§ **WHAT THE EXERCISE ASKS**: Please give the lines below again exactly as they stand, from the one that contains "Оригинал из США." up to and including the one that contains "3 Level building", leaving all pictures out.

§ **SOURCE DATA**:
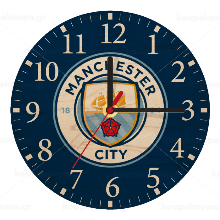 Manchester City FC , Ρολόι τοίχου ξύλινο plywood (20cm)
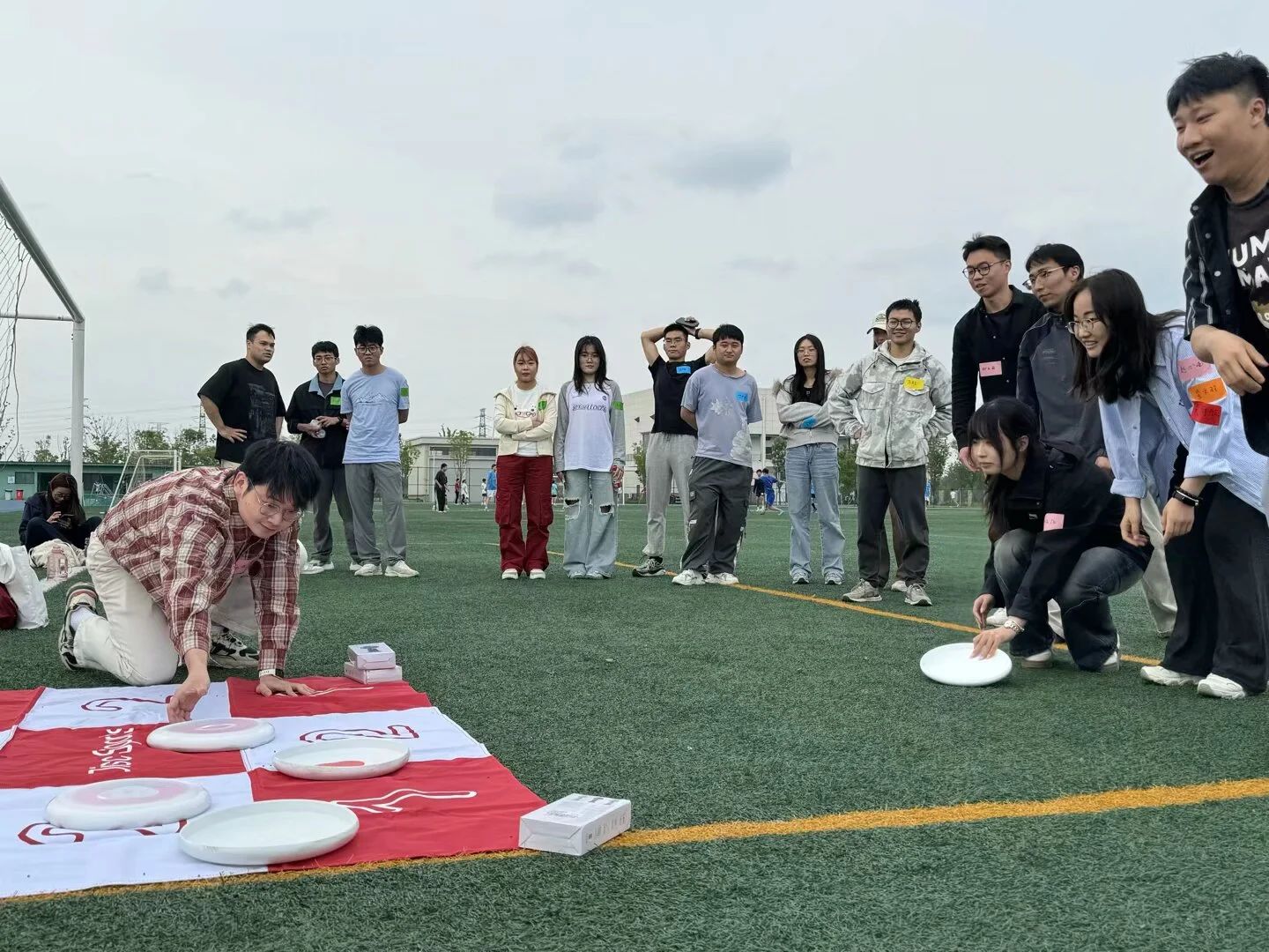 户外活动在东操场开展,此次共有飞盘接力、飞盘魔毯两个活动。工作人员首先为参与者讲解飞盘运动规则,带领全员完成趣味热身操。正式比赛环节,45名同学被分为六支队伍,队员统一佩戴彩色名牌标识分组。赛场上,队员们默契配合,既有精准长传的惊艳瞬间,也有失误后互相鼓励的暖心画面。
---
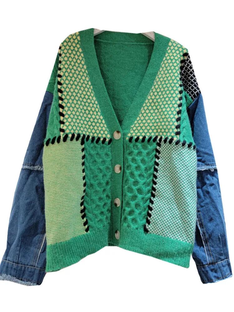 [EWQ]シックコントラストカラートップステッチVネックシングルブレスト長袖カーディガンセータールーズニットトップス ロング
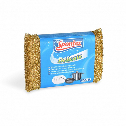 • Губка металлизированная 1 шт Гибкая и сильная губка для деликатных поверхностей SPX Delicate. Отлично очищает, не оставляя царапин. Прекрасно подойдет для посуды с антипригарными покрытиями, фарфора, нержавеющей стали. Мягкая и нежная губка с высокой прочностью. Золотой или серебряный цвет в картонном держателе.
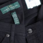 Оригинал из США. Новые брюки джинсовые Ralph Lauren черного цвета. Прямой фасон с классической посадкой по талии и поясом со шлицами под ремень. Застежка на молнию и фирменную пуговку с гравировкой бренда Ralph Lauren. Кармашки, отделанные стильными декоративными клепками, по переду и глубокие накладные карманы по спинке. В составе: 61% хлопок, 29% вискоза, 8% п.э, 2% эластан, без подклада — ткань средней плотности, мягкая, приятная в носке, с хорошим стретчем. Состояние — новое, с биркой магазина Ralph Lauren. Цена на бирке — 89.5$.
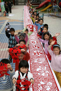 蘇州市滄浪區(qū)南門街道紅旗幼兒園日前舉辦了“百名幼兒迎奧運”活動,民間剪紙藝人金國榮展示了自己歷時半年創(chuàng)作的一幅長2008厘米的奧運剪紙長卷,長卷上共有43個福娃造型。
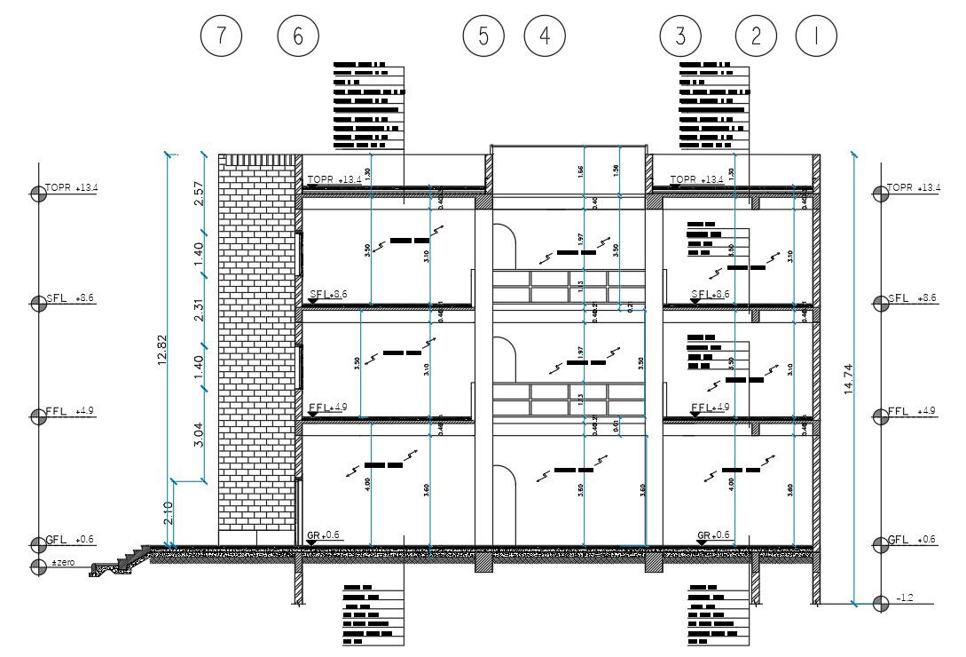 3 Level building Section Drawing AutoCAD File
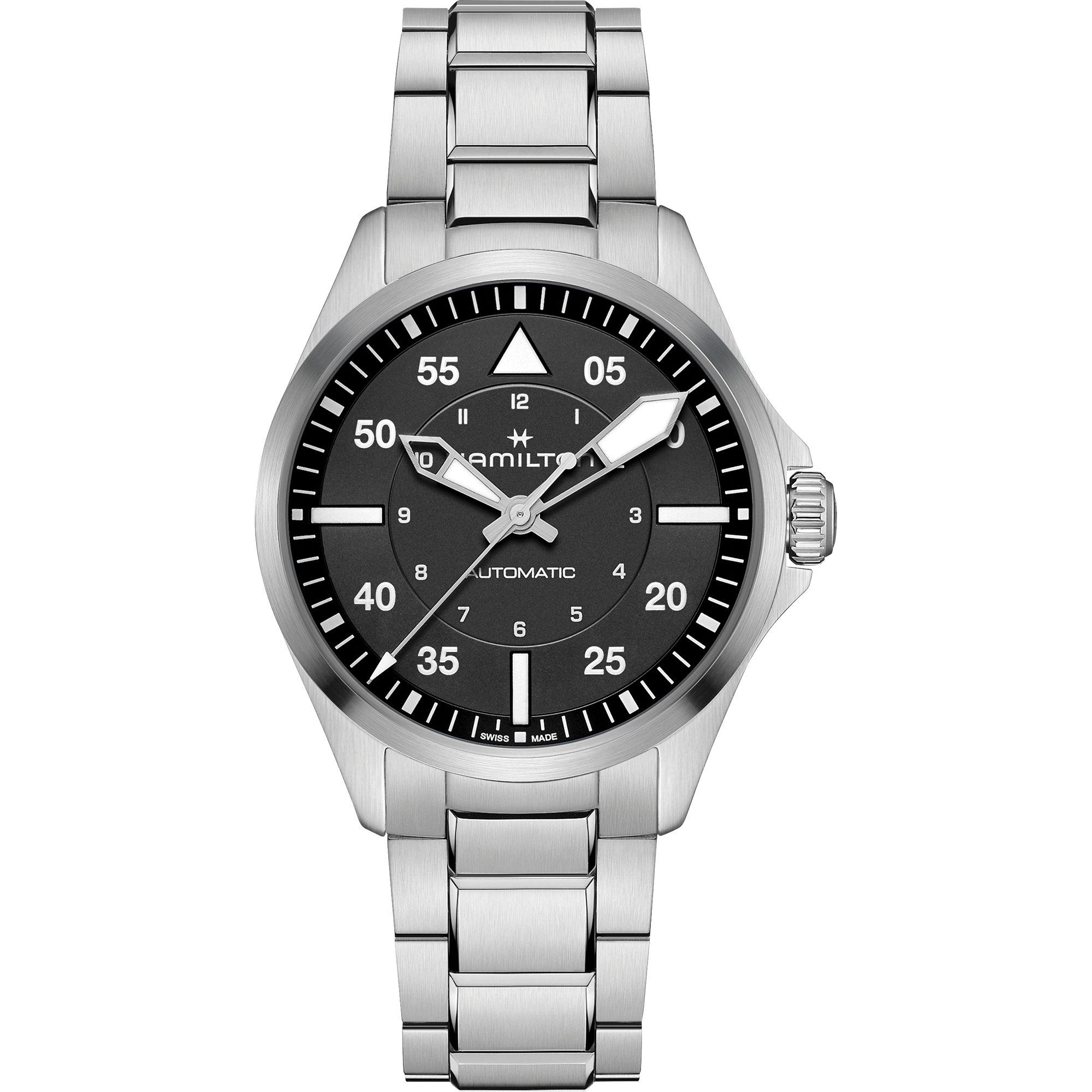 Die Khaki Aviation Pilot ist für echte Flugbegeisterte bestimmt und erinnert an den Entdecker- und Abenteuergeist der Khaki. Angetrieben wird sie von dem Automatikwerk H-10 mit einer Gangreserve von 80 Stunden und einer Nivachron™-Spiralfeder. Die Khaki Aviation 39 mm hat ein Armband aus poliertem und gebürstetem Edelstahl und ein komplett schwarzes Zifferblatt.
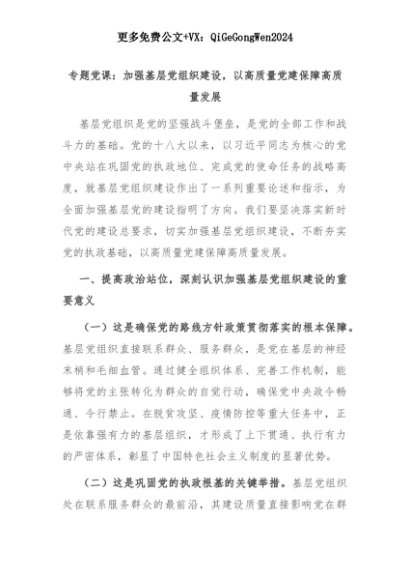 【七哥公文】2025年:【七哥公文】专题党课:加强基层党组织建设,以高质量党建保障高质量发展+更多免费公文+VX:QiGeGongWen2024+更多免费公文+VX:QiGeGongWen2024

§ **TASK RESULT**:
 Оригинал из США. Новые брюки джинсовые Ralph Lauren черного цвета. Прямой фасон с классической посадкой по талии и поясом со шлицами под ремень. Застежка на молнию и фирменную пуговку с гравировкой бренда Ralph Lauren. Кармашки, отделанные стильными декоративными клепками, по переду и глубокие накладные карманы по спинке. В составе: 61% хлопок, 29% вискоза, 8% п.э, 2% эластан, без подклада — ткань средней плотности, мягкая, приятная в носке, с хорошим стретчем. Состояние — новое, с биркой магазина Ralph Lauren. Цена на бирке — 89.5$.
 蘇州市滄浪區(qū)南門街道紅旗幼兒園日前舉辦了“百名幼兒迎奧運”活動,民間剪紙藝人金國榮展示了自己歷時半年創(chuàng)作的一幅長2008厘米的奧運剪紙長卷,長卷上共有43個福娃造型。
 3 Level building Section Drawing AutoCAD File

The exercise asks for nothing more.